At least the unmodifiable_var_p (alias) call looks suspicious (but probably unrelated to the problem): Index: tree-ssa-alias.c =================================================================== --- tree-ssa-alias.c (revision 128618) +++ tree-ssa-alias.c (working copy) @@ -561,7 +561,7 @@ set_initial_properties (struct alias_inf subvar_t svars; svars = get_subvars_for_var (SFT_PARENT_VAR (alias)); for (; svars; svars = svars->next) - if (!unmodifiable_var_p (alias)) + if (!unmodifiable_var_p (svars->var)) mark_call_clobbered (svars->var, pi->escape_mask); } else if (!unmodifiable_var_p (alias)) what we have is that SFT_PARENT_VAR is of type 'union Meep' which has quite a lot of fields and the above loop is quadratic in the number of fields.
(gdb) call bitmap_count_bits (pi->pt_vars) $23 = 10307 that is, we have all SFTs in pi->pt_vars and as we process them we loop over all of them again.
Created attachment 14230 [details] patch fixing the problem This fixes it.

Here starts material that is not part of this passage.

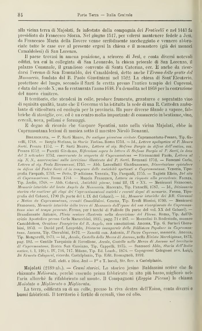 BlM.iOfiRAFlA. — I'. Sarti Mauro, De antiqua pic0́tam ciritute. Cupranionlana-Pesaro, Tip. (́a-vi§!, 17-1S. — Borgia Stefano, in Storia Pallino. Iioma 1751. —Id., Lettera apologetica a! P. Mauro Sarti. Pesaro 1752. — P. Sarti Mauro, Letlei'ti d́ si;/. Stefano Borgia in difesa dell'antica, ecc. Pesaro 1752. — Paretli Girolamo, Riflessioni sopra hi lettera ili Stefano Borgia al P. Sarti, in data del 3 setti adire 1752, concernente hi scojierta di Ca/irunióitana — Hiccoinanni Paolo, Lettera al sig. Ni A'., osservazioni sulla iscrizione illustrata dal P. Sarti. Recanati 1752. — Ronconi Carlo, Lettera al sig. Paolo Ricco/miniti 1753. — Abb. Lancellotti Gianfranccsco, Dissertazione epistolare in difcxa del l'adi e Sarti ed in comprora delle antichità spettanti a Cupramonlana \ cnezia. Tipografia Pasquali 1753. — Detta. 2' edizione. Venezia, Tip. Pasquali, 1755. — Tagistc Elisio, Del sito di Ciijiraniontiina. Homa 1101- Mancia Francesco, Lettera in ri-iponta alla precedente. Faenza, Tip. Arclio, 1708. — Abb. Colucci, 1 litichila picene, torni 111, IX e XX. — Menicucci Francesco, Memorie istoriche ilei beata Angela da Mussacelo. Macerata, Tip. Pannelli, 1787. — Id., iJizionario storico che contiene gli elogi dei ('uprensimotitani antichi e recenti degni di memoria. Ferino Tipografia del Culucci, 17'.)0 (fa parte del t IX del Colucci). — Id., Memorie istoriche dei ÌJ̀. Giovanni e Matteo da Cupramontana, cremiti Camaldolesi. Cesena, Tip. Eredi Biasini, 1790. — Menicucci Francesco, Memorie istoriche delia terra di Mossacelo dall'epoca del suo risorgimento da Cuprauion-tana sino al tempo presente. Fermo, per i torcili di Pallnde (la parte del voi. XX del Colucci). — Brandimarite Antonio, Plinio sentore ili usi rato nella descrizione del Piceno. Boma, Tip. dell'Ospizio Apostolico presso Carlo Marocchini, 1815, pagg. 71 c 187. — Maccolini 1). Rodesmdo, monaco Camaldolese, Orazione Panegirica del ĺ. Angelo, con annotazioni Ancona, Tip. G. Sartori Cherubini, 1853. — David prof. Leopoldo, l'incorso inaugurale della Biblioteca Pojiolare in Ciipriiinon-tana. Ancona, Tip. Cherubini, 1872. — Zanotti can. Antonio, Il Pozzo Cujtrcnse, memorie. Ancona, Tip. Mengarclli, 1S73. — ld., Accolti, Castello della Marca di Ancona, nella lírista Marchigiana, 1S73, pag. 182. — Gentile Tarquinio di Bovellonc, Accola, Castello nella Marca di Ancona nel territorio di Cupramontana. Bocca San Cassiano, Tip. Cappelli, 1875. — Sannucci Aldo, Storia dell'Italia antica, t. 1, 120; t. IV, 710, 717. Milano, Tip. Ed. Loinb., 187(i. — Capogrossi Colognesi avv. Luigi, Di h'rnesto Colognesi, ricordo. Castclplanio, Tip. Edit. Botnagnoll. 1802.

The idea is to keep track of which parent vars we need to add all subvars to the call clobbered list in a bitmap and process them after the first walk.

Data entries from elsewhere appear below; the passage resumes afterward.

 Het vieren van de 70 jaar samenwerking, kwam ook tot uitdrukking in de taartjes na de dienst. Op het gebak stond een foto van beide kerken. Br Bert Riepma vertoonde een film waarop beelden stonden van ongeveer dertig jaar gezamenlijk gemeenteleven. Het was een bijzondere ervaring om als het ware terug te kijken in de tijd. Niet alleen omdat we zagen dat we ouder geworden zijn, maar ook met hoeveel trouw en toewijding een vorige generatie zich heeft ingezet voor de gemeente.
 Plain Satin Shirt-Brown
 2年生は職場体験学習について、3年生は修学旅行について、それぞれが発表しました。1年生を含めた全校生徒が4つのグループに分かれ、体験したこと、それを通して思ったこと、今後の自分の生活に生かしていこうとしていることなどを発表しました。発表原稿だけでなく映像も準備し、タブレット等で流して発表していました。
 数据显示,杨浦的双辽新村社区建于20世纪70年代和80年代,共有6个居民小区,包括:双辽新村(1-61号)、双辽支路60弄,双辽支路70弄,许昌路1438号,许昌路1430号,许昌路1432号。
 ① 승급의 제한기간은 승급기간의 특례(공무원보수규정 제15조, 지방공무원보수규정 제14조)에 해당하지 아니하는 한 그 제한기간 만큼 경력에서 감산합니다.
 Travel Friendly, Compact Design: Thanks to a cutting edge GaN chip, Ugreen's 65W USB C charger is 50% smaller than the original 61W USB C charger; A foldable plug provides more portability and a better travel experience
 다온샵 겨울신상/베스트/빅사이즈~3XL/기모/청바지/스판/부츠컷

4.2 doesn't have this extra loop.
(In reply to comment #4) > Created an attachment (id=14230) [edit] > patch fixing the problem > > This fixes it. The idea is to keep track of which parent vars we need to add > all subvars to the call clobbered list in a bitmap and process them after the > first walk. > Yep it does - Thanks for the quick fix. I am testing it now and will let you know in a bit . (In reply to comment #5) > 4.2 doesn't have this extra loop. >
Subject: Re: [4.3 Regression] tree struct aliasing goes into a loop marking call clobbers. On 20 Sep 2007 13:52:11 -0000, ramana dot radhakrishnan at celunite dot com <gcc-bugzilla@gcc.gnu.org> wrote: > > > ------- Comment #6 from ramana dot radhakrishnan at celunite dot com 2007-09-20 13:52 ------- > (In reply to comment #4) > > Created an attachment (id=14230) > --> (http://gcc.gnu.org/bugzilla/attachment.cgi?id=14230&action=view) [edit] > > patch fixing the problem > > > > This fixes it. The idea is to keep track of which parent vars we need to add > > all subvars to the call clobbered list in a bitmap and process them after the > > first walk. I don't have enough context handy in the patch to see if you moved it outside the transitive loop, or just the initial loop. You can move it outside the initial loop, but not the transitive loop, because the SFT's may themselves be pointers (obviously for non-pointer SFT's, you can certainly ignore them). You could also speed this up dramatically by not queuing non-pointers.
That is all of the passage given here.